The first directive requires the Under Secretary of Defense for Acquisition, Technology and Logistics to submit a report to the congressional defense committees, by February 1, 2014, to outline a risk mitigation strategy focused on securing the necessary supplies of rare earth elements. The report language reads as follows:

Title XVI – Industrial Base Matters

Report on the Diversification of Supply Activities Related to Rare Earth Elements

The committee is aware that in response to the report required by section 843 of the Ike Skelton National Defense Authorization Act for Fiscal Year 2011 (P.L. 111-383) and based on forecasting demand for fiscal year 2013 only, the Under Secretary of Defense for Acquisition, Technology, and Logistics concluded that domestic production of rare earth elements could satisfy the level of consumption required to meet defense procurement needs by fiscal year 2013, with the exception of yttrium. However, the committee observes that the Future Years Defense Program indicates that consumption of rare earth elements is expected to increase after 2013. Specifically, the report on the feasibility and desirability of recycling, recovery, and reprocessing of rare earth elements required by the conference report (H.Rept. 112-329) to accompany the National Defense Authorization Act for Fiscal Year 2012, states that each SSN-774 Virginia-class submarine would require approximately 9,200 pounds of rare earth materials, each DDG-51 Aegis destroyer would require approximately 5,200 pounds of these materials, and each F-35 Lightning II aircraft would require approximately 920 pounds of these materials.

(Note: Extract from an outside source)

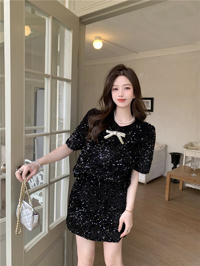 フレンチ スタイル オフィス レディ スーツ春ショート スパンコール トップ ウエスト スカート 2 点セット服 スプリング 春物 会社 学校 通勤や通学にも
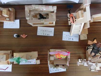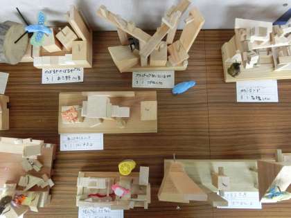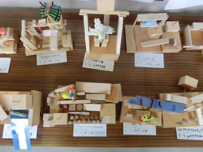 教室の外の廊下のところに、図工で作った木工作品が展示されています。どの作品も、とても良い仕上がりになっています。

The committee is aware that the Department of Defense intends to pursue a three-pronged strategy to secure supplies of rare earth elements, which consists of diversification of supply, pursuit of substitutes, and a focus on reclamation of waste, as part of a larger U.S. Government recycling effort. The committee believes that diversification of supply activities related to rare earth elements is necessary in order to meet the growing demand for these materials, but the committee is concerned that some of these processes may prove to be technically difficult or so expensive that they are deemed cost-prohibitive.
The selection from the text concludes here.